Выбрать главу

Сказанное Панаевым о возрастании числа клубов в последнее время относилось к столице, в провинции их «размножения» еще не наблюдалось. Больше того, открытие новых клубов по-прежнему ограничивалось. Министерство внутренних дел в 1862 г. отказало в разрешении открыть Коммерческое собрание в Казани (о чем ходатайствовали впервые еще в 1840 г.), указав, что вполне достаточно имеющихся двух клубов — Дворянского и Купеческого. Открытые через несколько лет два охотничьих клуба были рассчитаны на те же верхние группы населения города{350}.

Примерно тогда же, в конце 50-х гг. М. П. Погодин иллюстрировал неизменную размеренность жизни образованного общества второй столицы распорядком жизни московских клубов: «По середам и субботам дает в Москве свои роскошные обеды Английский клуб; по понедельникам и четвергам собираются праздновать члены Дворянского клуба; по вторникам и пятницам угощает посетителей Купеческое собрание». За клубами следовали театры и концертные залы. Сожалел Погодин лишь о том, что в Москве нет еще залов для науки, имея в виду, вероятно, публичные аудитории, помимо университетских{351}. Критических замечаний, относящихся к клубам, Погодин себе не позволил, но, как будет далее показано, во многом он был согласен с оценками Панаева. В данном же контексте московские клубы оставались для него местом, куда приходят только «праздновать», то есть отдыхать.
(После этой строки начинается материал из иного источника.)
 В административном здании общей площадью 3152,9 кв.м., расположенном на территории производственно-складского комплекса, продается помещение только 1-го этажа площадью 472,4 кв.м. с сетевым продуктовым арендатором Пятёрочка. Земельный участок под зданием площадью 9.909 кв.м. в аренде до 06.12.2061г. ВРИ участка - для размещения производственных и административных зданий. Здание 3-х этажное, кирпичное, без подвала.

Обращает на себя внимание четкое распределение дней обедов между московскими клубами. Наличие такого согласованного «графика» определенно указывало на нередкое желание одних и тех же лиц посещать разные клубы, не довольствуясь своим. Явление, осужденное когда-то Вигелем, стало необратимым, к этому уже привыкли, в том числе властные инстанции, и лишь Английский клуб по-прежнему принимал гостей с большим разбором и в малом количестве.
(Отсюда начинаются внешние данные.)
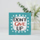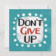 "Don't Give Up" is a cute inspirational or motivational quote with a white accent shape surrounded by white textured whimsical dots.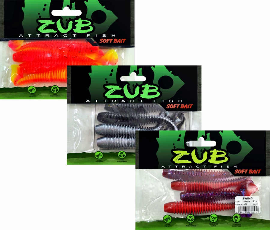 Приманка ZUB-SWING 117мм(4,6")-4шт, (цвет 037) голубой верх-натурал низ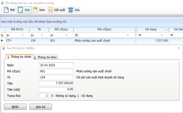 - “Thêm mới” số dư đầu sau đó khai báo các thông tin: Tài khoản theo dõi sản phẩm dở dang (154), mã cđ (Px) – để tập hợp chi phí theo phân xưởng, Dư nợ ban đầu: 15.000.000 VNĐ

Насчет Английского клуба имеется, правда, противоположная точка зрения, однако, никакими источниками не подтверждаемая. Клуб, известный современникам и историкам как клуб московской аристократии, противопоставляется салонам и кружкам, куда «чужие не допускались» и где «собирались обыкновенно по партийному признаку». В Английский же клуб доступ был якобы открыт «всякому желающему», чтобы вести «горячие споры о путях развития Родины». Больше того, «москвичи просто не имели права его не посещать» (стало быть, это даже не право, а обязанность!). Автор этого пассажа успел забыть написанное им же на других страницах о том, что в клуб было нелегко попасть, принимали далеко не всех писателей и актеров… Что же касается содержания «горячих споров», то сообщается, что образцом для всех споривших служили страны Запада (!), так как эти страны отличала «стабильность», «планомерное, а не скачкообразное развитие» (?){352}.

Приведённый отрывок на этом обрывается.